• Jascha Heifetz, virtuoso violinist, (1901-1987)

    From David P.@21:1/5 to All on Fri Aug 12 22:55:14 2022
    Heifetz visited much of Europe while still in his teens. In April 1911, he performed in an outdoor concert in St. Petersburg before 25,000 spectators; there was such a reaction that police officers needed to protect the young violinist after the concert.
    In 1914, he performed with the Berlin Philharmonic conducted by Arthur Nikisch. The conductor said he had never heard such an excellent violinist.

    Heifetz and his family left Russia in 1917, traveling by rail to the Russian far east and then by ship to the US, arriving in San Francisco. On Oct 27, 1917, Heifetz played for the first time in the US, at Carnegie Hall in New York, and became an
    immediate sensation. Fellow violinist Mischa Elman in the audience asked "Do you think it's hot in here?", whereupon the pianist Leopold Godowsky, in the next seat, replied, "Not for pianists."

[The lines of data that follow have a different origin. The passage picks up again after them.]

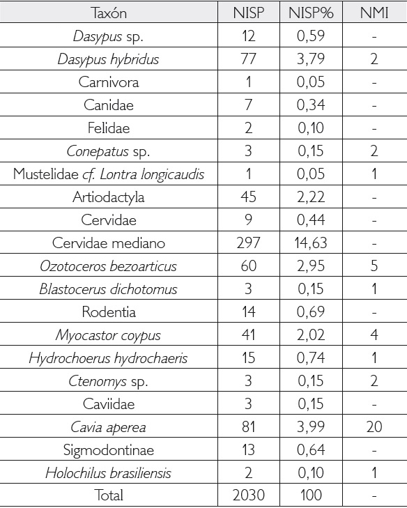 El conjunto óseo analizado, procedente de las 10 cuadrículas de la excavación, comprende 2030 especímenes. Además se recuperaron 1343 restos malacológicos, 188 fragmentos de cáscara de huevos de Rheidae y 2599 fragmentos óseos indeterminados menores a 2 cm. Debido a que estos últimos restos carecen de atributos para su identificación anatómica y taxonómica y presentan un tamaño pequeño que imposibilita el relevamiento de ciertas variables (e.g. meteorización), no fueron considerados en los análisis cuantitativos y tafonómicos posteriores. Entre los mamíferos predominan los cérvidos, particularmente Ozotoceros bezoarticus, con un NMI de 5 calculado a partir de los calcáneos (Tabla 1). A partir del estado de fusión de estos elementos, se pudo identificar la presencia de al menos un individuo juvenil. Otro cérvido de tamaño similar a Ozotoceros bezoarticus, cuya área de distribución natural incluye el área de estudio, es Mazama gouazoubira. Debido a las similitudes morfológicas entre estos taxones, la identificación de los restos de cérvido mediano incluyó la comparación con series de individuos de diferente edad y sexo, de ambas especies. Dada la ausencia de rasgos diagnósticos en varios elementos anatómicos y el estado fragmentario de la muestra, una gran cantidad de especímenes óseos (n=297) no pudieron ser asignados con seguridad a ninguna de estas dos especies y fueron incluidos en la categoría Cervidae mediano. Los elementos más diagnósticos y completos fueron asignados en todos los casos a Ozotoceros bezoarticus. El otro cérvido identificado en el conjunto arqueofaunístico es Blastocerus dichotomus, representado únicamente por dos fragmentos de hemimandíbula y un centrotarsal. Por otra parte, cabe destacar también que los restos asignados a Artiodactyla y Mammalia corresponden en su gran mayoría (95%) a fragmentos de diáfisis de huesos largos, fragmentos de tejido esponjoso axial y apendicular y otros restos sin atributos diagnósticos para su identificación, pero con un tamaño comparable al de los cérvidos medianos.
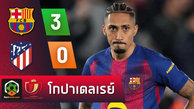 โกปา เดล เรย์ ค่ำคืนนี้ที่คัมป์ของบาร์ซ่าไม่ใช่เกมที่เล่นเอาหล่อ แต่มันคือเกมที่เล่นเอาตาย “บาร์เซโลน่า” เปิดเครื่องตั้งแต่นาทีแรก บีบสูง กดดันหนัก จนแอตฯ มาดริดแทบหายใจไม่ทั่วท้อง ก่อนระเบิดสกอร์ 3 เม็ดแบบชัดเจนทุกจังหวะ โดยเฉพาะลูกตั้งเตะที่กลายเป็นอาวุธทำลายล้างเต็มรูปแบบ ขณะที่ภาพรวมสองนัดยังเป็นงานหิน เพราะสกอร์รวมจบที่ 3-4 ทำให้ฝั่งตราหมีเป็นฝ่ายได้เฮในเส้นทางรายการนี้
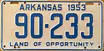 1953 | Embossed blue serial on white plate with border line; "ARKANSAS 1953" centered at top | "LAND OF OPPORTUNITY" at bottom | 123-456 | 1 to approximately 394-000 | |
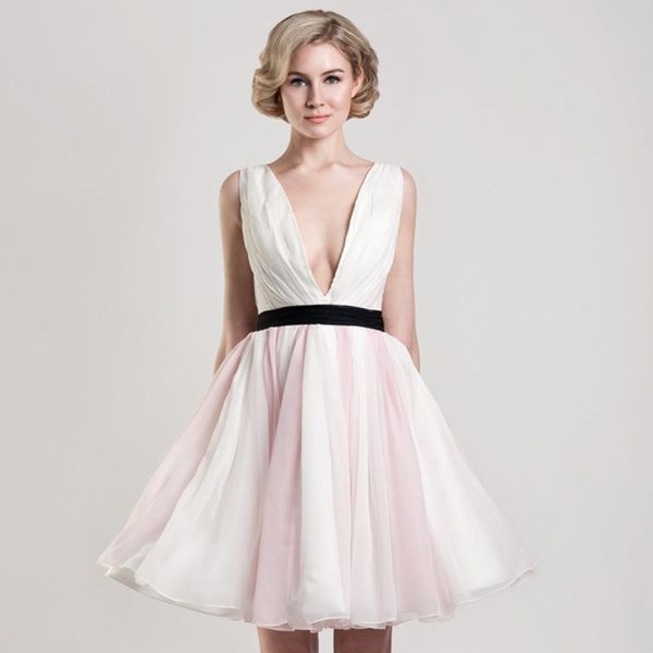 Summer weddings mean sunny and bright days… along with a lot of heat. While summer’s rays shouldn’t have the final say in your dream wedding dress, we know you want to look and feel as glam as possible. Short wedding dresses can be just as stylish as a traditional wedding gown, plus they let you feel the occasional breeze. Scroll on for 11 short wedding frocks that bring on the drama without the extra length.

    In 1917, Heifetz was elected an honorary member of Phi Mu Alpha Sinfonia, the national fraternity for men in music, by the fraternity's Alpha chapter at the New England Conservatory of Music in Boston. At 16, he was perhaps the youngest person ever
    elected to membership in the organization. Heifetz remained in the country and became an American citizen in 1925. A story circulates that tells of an interaction with one of the Marx Brothers: when he told the brother (usually Groucho or Harpo) that he
    had been earning his living as a musician since the age of seven, he received the reply, "Before that, I suppose, you were just a bum."